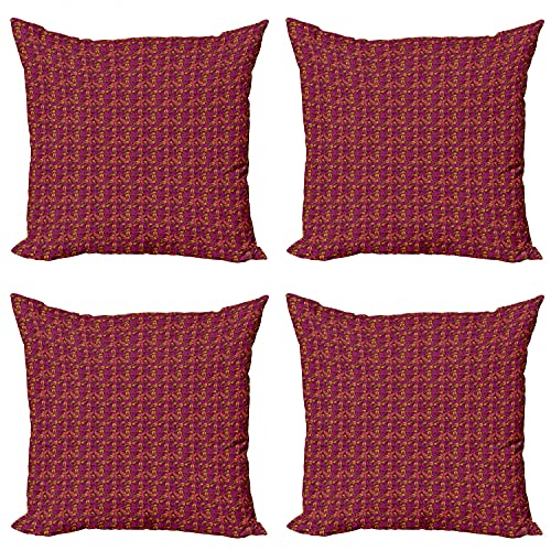 ABAKUHAUS Brown Paisley Dekokissen Kissenbezug 4er Pack, Damast-Folk Antique, Modern Accent Doppelseitiger Digitaldruck, 60 x 60 cm, Dunkel Magenta Lachs
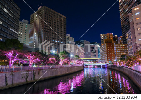 目黒川を彩る桜のイルミネーションとビル群の夜景
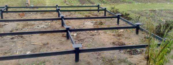 - поверх бетонного пласта водружаются столбы из кирпича (25х25 см), наверх укладываются лаги;
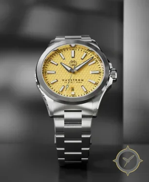 Eine Sport-Uhr mit einem markanten 44.5mm Auftritt am Handgelenk, gefertigt aus Edelstahl mit einem Zifferblatt in gelb und einer besonderen "textured geometric triangular pattern (triangular guilloché)"-Oberfläche.
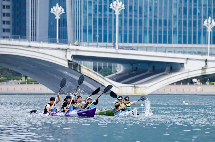 皮划艇爱好者们在海面上激情比赛。刘晶 摄

....

(WHAT THE EXERCISE ASKS)
All of the data should be returned word for word, with each picture left out.

(RESULT FOR THIS EXERCISE)
 ABAKUHAUS Brown Paisley Dekokissen Kissenbezug 4er Pack, Damast-Folk Antique, Modern Accent Doppelseitiger Digitaldruck, 60 x 60 cm, Dunkel Magenta Lachs
 目黒川を彩る桜のイルミネーションとビル群の夜景
 - поверх бетонного пласта водружаются столбы из кирпича (25х25 см), наверх укладываются лаги;
 Eine Sport-Uhr mit einem markanten 44.5mm Auftritt am Handgelenk, gefertigt aus Edelstahl mit einem Zifferblatt in gelb und einer besonderen "textured geometric triangular pattern (triangular guilloché)"-Oberfläche.
 皮划艇爱好者们在海面上激情比赛。刘晶 摄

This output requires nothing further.